PROBLEM DETAILS: Return each line exactly as written. Begin with the first line of the entries and end with the line that has "An impressive soprano".

--- START ---

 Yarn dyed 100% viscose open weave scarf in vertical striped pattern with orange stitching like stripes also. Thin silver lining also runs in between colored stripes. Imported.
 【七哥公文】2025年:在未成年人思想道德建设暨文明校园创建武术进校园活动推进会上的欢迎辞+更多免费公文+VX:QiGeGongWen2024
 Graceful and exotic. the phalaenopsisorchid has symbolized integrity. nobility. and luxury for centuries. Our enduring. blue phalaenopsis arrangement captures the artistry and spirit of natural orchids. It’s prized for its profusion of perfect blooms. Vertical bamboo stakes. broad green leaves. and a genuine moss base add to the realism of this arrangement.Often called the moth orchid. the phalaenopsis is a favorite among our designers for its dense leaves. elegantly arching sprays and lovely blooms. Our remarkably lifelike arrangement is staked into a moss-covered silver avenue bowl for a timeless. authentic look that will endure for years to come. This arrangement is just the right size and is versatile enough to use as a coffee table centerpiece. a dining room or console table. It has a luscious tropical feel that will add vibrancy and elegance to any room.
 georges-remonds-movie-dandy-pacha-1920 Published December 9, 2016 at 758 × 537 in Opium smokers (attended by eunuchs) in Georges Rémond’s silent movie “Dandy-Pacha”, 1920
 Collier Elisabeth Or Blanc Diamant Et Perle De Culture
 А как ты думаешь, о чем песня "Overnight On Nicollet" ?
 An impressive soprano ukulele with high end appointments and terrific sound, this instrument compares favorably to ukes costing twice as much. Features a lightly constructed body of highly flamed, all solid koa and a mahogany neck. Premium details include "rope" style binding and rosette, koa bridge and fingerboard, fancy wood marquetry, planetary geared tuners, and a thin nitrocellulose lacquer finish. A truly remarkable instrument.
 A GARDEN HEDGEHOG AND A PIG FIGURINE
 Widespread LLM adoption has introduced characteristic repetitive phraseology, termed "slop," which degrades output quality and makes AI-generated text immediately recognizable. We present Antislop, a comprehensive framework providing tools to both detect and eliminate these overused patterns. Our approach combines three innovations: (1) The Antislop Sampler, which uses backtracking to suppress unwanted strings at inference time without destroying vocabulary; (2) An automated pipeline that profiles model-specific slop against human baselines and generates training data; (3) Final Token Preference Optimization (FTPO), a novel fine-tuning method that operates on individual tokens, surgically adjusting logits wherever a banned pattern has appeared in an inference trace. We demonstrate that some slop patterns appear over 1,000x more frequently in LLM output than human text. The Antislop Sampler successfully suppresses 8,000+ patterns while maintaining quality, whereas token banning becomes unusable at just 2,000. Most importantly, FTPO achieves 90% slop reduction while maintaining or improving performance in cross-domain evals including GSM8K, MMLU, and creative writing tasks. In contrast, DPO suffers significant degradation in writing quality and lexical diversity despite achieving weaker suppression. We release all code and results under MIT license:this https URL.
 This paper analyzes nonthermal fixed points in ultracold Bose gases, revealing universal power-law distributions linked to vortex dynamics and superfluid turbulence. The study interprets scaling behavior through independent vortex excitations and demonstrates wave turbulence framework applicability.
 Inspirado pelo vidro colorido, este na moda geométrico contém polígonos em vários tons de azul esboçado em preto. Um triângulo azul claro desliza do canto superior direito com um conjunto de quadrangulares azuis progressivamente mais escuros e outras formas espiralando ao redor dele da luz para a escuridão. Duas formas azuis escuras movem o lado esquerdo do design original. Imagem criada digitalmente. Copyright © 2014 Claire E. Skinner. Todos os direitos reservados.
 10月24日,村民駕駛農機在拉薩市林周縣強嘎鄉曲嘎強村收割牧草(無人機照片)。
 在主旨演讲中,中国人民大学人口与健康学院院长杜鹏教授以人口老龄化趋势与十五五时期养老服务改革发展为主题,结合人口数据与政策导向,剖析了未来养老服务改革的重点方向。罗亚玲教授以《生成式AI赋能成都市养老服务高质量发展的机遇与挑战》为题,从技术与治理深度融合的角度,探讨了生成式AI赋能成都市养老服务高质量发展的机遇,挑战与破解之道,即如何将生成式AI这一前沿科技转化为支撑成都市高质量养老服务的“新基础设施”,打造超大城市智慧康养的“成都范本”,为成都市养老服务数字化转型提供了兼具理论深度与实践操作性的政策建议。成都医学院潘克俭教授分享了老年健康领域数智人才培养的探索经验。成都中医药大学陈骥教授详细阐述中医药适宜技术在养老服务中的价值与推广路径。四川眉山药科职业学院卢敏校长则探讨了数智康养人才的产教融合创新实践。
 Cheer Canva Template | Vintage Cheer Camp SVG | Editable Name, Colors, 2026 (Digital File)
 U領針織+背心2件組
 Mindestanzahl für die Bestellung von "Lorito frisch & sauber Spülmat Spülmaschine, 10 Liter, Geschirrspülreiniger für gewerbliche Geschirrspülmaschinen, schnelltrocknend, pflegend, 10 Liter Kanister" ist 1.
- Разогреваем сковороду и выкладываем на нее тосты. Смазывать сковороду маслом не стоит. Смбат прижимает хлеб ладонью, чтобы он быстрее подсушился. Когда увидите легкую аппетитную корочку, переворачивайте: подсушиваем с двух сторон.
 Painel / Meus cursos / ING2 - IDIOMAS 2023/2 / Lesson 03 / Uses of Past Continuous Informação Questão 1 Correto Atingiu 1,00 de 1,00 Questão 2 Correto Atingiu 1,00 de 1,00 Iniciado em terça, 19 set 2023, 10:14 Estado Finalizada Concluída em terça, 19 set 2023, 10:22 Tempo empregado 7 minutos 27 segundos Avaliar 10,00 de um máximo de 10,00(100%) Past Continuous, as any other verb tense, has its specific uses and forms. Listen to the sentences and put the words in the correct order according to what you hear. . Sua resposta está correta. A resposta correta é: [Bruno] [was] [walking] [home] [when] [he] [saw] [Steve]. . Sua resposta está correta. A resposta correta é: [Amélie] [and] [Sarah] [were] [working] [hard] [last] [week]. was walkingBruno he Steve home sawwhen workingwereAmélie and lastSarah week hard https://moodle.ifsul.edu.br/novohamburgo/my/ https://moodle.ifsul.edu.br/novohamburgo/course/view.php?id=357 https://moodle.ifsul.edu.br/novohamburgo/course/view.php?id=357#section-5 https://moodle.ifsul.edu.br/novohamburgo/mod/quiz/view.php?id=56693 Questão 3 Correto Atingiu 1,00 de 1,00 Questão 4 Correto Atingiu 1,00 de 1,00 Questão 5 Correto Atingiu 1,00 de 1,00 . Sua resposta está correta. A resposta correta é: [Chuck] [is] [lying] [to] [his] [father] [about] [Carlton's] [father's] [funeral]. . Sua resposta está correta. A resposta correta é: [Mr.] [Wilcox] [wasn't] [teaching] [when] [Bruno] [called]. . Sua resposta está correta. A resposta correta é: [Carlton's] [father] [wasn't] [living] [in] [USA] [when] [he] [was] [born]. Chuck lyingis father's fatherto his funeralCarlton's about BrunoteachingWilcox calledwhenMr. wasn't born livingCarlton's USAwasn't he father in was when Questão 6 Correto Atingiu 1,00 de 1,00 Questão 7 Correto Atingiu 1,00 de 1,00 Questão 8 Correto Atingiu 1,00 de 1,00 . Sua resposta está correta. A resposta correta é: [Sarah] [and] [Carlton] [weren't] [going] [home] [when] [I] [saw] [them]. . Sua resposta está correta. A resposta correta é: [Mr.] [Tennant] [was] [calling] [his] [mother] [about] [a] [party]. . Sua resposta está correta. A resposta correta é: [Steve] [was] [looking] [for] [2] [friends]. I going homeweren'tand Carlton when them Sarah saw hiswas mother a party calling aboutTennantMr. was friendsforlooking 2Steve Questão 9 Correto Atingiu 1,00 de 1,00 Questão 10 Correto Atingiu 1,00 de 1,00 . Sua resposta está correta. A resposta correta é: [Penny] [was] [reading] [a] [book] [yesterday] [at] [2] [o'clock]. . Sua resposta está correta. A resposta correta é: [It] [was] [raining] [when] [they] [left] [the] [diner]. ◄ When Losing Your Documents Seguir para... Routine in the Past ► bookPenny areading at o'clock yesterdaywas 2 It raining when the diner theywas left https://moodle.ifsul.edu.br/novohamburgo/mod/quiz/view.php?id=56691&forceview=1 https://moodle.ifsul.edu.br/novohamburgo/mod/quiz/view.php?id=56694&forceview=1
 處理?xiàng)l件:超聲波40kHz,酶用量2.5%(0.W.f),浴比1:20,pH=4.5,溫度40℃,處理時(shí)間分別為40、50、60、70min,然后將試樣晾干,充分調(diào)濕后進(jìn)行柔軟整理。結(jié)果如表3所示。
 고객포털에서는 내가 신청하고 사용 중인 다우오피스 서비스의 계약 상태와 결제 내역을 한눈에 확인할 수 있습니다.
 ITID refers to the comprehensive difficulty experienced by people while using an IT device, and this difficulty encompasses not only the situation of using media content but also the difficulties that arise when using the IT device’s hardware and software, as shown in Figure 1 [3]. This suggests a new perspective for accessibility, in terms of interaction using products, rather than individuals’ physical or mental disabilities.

--- END ---

RESPONSE TO THIS TASK:
 Yarn dyed 100% viscose open weave scarf in vertical striped pattern with orange stitching like stripes also. Thin silver lining also runs in between colored stripes. Imported.
 【七哥公文】2025年:在未成年人思想道德建设暨文明校园创建武术进校园活动推进会上的欢迎辞+更多免费公文+VX:QiGeGongWen2024
 Graceful and exotic. the phalaenopsisorchid has symbolized integrity. nobility. and luxury for centuries. Our enduring. blue phalaenopsis arrangement captures the artistry and spirit of natural orchids. It’s prized for its profusion of perfect blooms. Vertical bamboo stakes. broad green leaves. and a genuine moss base add to the realism of this arrangement.Often called the moth orchid. the phalaenopsis is a favorite among our designers for its dense leaves. elegantly arching sprays and lovely blooms. Our remarkably lifelike arrangement is staked into a moss-covered silver avenue bowl for a timeless. authentic look that will endure for years to come. This arrangement is just the right size and is versatile enough to use as a coffee table centerpiece. a dining room or console table. It has a luscious tropical feel that will add vibrancy and elegance to any room.
 georges-remonds-movie-dandy-pacha-1920 Published December 9, 2016 at 758 × 537 in Opium smokers (attended by eunuchs) in Georges Rémond’s silent movie “Dandy-Pacha”, 1920
 Collier Elisabeth Or Blanc Diamant Et Perle De Culture
 А как ты думаешь, о чем песня "Overnight On Nicollet" ?
 An impressive soprano ukulele with high end appointments and terrific sound, this instrument compares favorably to ukes costing twice as much. Features a lightly constructed body of highly flamed, all solid koa and a mahogany neck. Premium details include "rope" style binding and rosette, koa bridge and fingerboard, fancy wood marquetry, planetary geared tuners, and a thin nitrocellulose lacquer finish. A truly remarkable instrument.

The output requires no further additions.